INPUT and OUTPUT is the policy applied to the interfaces bound to the zone. Generally OUTPUT can be ACCEPT for every zone. INPUT should be ACCEPT for zones that you trust, e.g LAN, but DROP/REJECT for untrusted zones, like WAN, GUEST, IoT. If the policy is DROP, then packets are discarded silently. Else with REJECT the router sends and ICMP message to inform of the discard (better for troubleshooting).
FORWARDING is for traffic traversing different interfaces of the same zone through the firewall. You only have one interface per zone, so not applicable in your case.
When you have DROP/REJECT policy, you need to manually open any ports or flows.

Forces connection tracking when NAT is disabled, in order to have stateful firewall. You could use it on the WAN interface for DMZ. Definitely not on LAN zone.

Basically you can exclude them by not including them in the addresses that will be NATed.
Add list masq_src '192.168.2.0/24' under WAN zone in firewall (or Advanced Settings tab of the WAN edit zone in Luci)

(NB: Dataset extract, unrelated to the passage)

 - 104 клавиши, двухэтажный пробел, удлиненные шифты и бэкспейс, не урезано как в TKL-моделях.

https://openwrt.org/docs/guide-user/base-system/dhcp_configuration#dhcp_options
https://openwrt.org/docs/guide-user/base-system/dhcp_configuration#conditional_dns_forwarding

1 Like

Thanks for your help, but I am in trouble - my WAN will not connect. I spent about 2 hours on the phone to BT getting the correct settings (I have VDSL FTTC). I cannot get it to connect. I have a HH5B unflashed, obviously, and that connects fine (but is no use cos the configuration options are too limited).

I have a second HH5A, which I also flashed with 18.06.2, and it also does not connect to the VDSL.

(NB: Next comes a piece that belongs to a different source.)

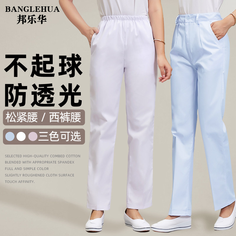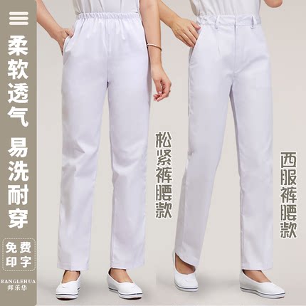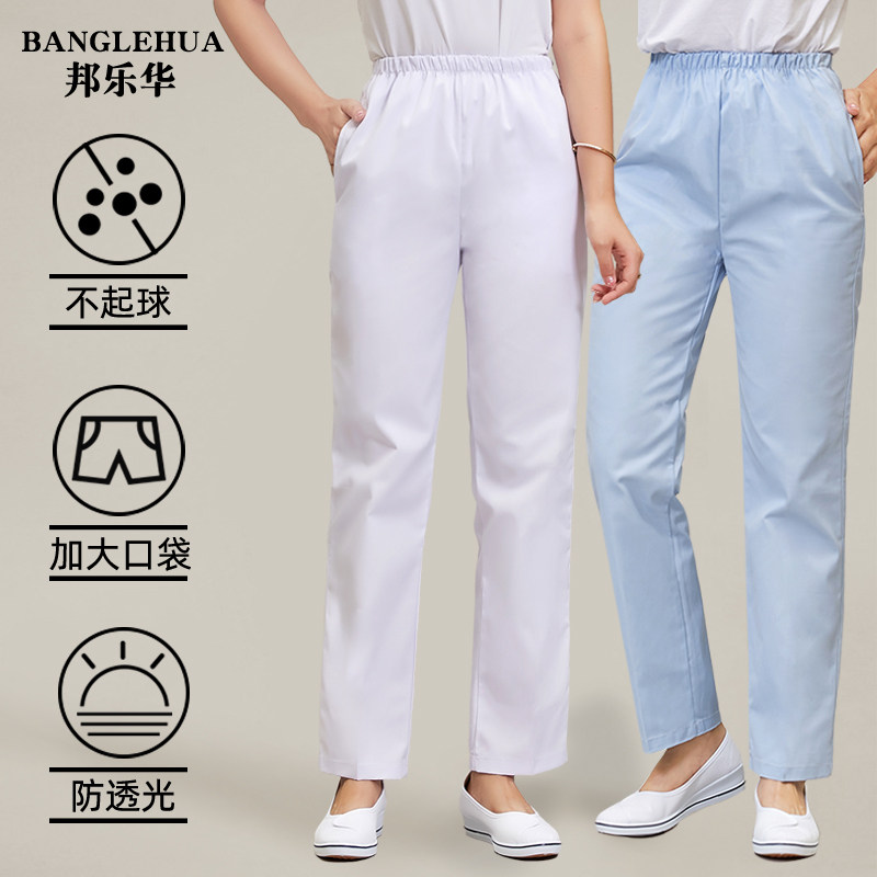 护士裤女白色蓝色医生裤子春秋松紧带大码护士服小个子粉色工作裤

I tried to to a "sysupgrade" restore to 17.04, and it says the file is not a compatible format.

(Also, I tried to restore settings I saved, and it saves a tar.gz file, but restore wants gzip!)

Where do I go from here?

Any ideas?

I tried to do a "sysupgrade" restore to 17.04, and it says the file is not a compatible format.

Download the installation guide for hh5a
https://openwrt.ebilan.co.uk/viewtopic.php?f=7&t=266

section 4.4 covers downgrading to 17.01.4.

eg. use
sysupgrade –n –F /tmp/lede-lantiq-xrx200-BTHOMEHUBV5A-squashfs-sysupgrade.bin

For readers unfamiliar with BT Business broadband block of 5 or 8 static IP addresses, here is link to their hub configuration.
https://btbusiness.custhelp.com/app/answers/detail/a_id/19138/c/5099/

HOWTO: Setting up multiple static IP's on NON BT Hardware.
https://business.forums.bt.com/t5/Archive/HOWTO-Setting-up-multiple-static-IP-s-on-NON-BT-Hardware/td-p/13670

https://openwrt.org/docs/guide-user/network/wan/isp-configurations#united_kingdom

Today everything is back to working fine on one of my HH5As with 18.06.2.

I suspect BT of fowl play, but after another "no fault found" call last night, its staying up.

The lessons learned are:

you can't trust LuCI to configure the firewall - you need to know how to do it (or know someone who does) and do it yourself.

BT VDSL is G993.2 and Annex B where I am (East London), However, it is annex A in some parts of the country. The VPI and VCI are 0 and 35 (not 38 or 32).

fyi, the VPI and VCI settings are for ADSL connections. ie. the default ATM bridge section can be optionally deleted for VDSL connections.

You can, but still you need to have an idea what you want to accomplish. Defaults will work fine and securely for the majority of the users. Therefore, each time you change some default setting you have to clearly understand why you would want to do that.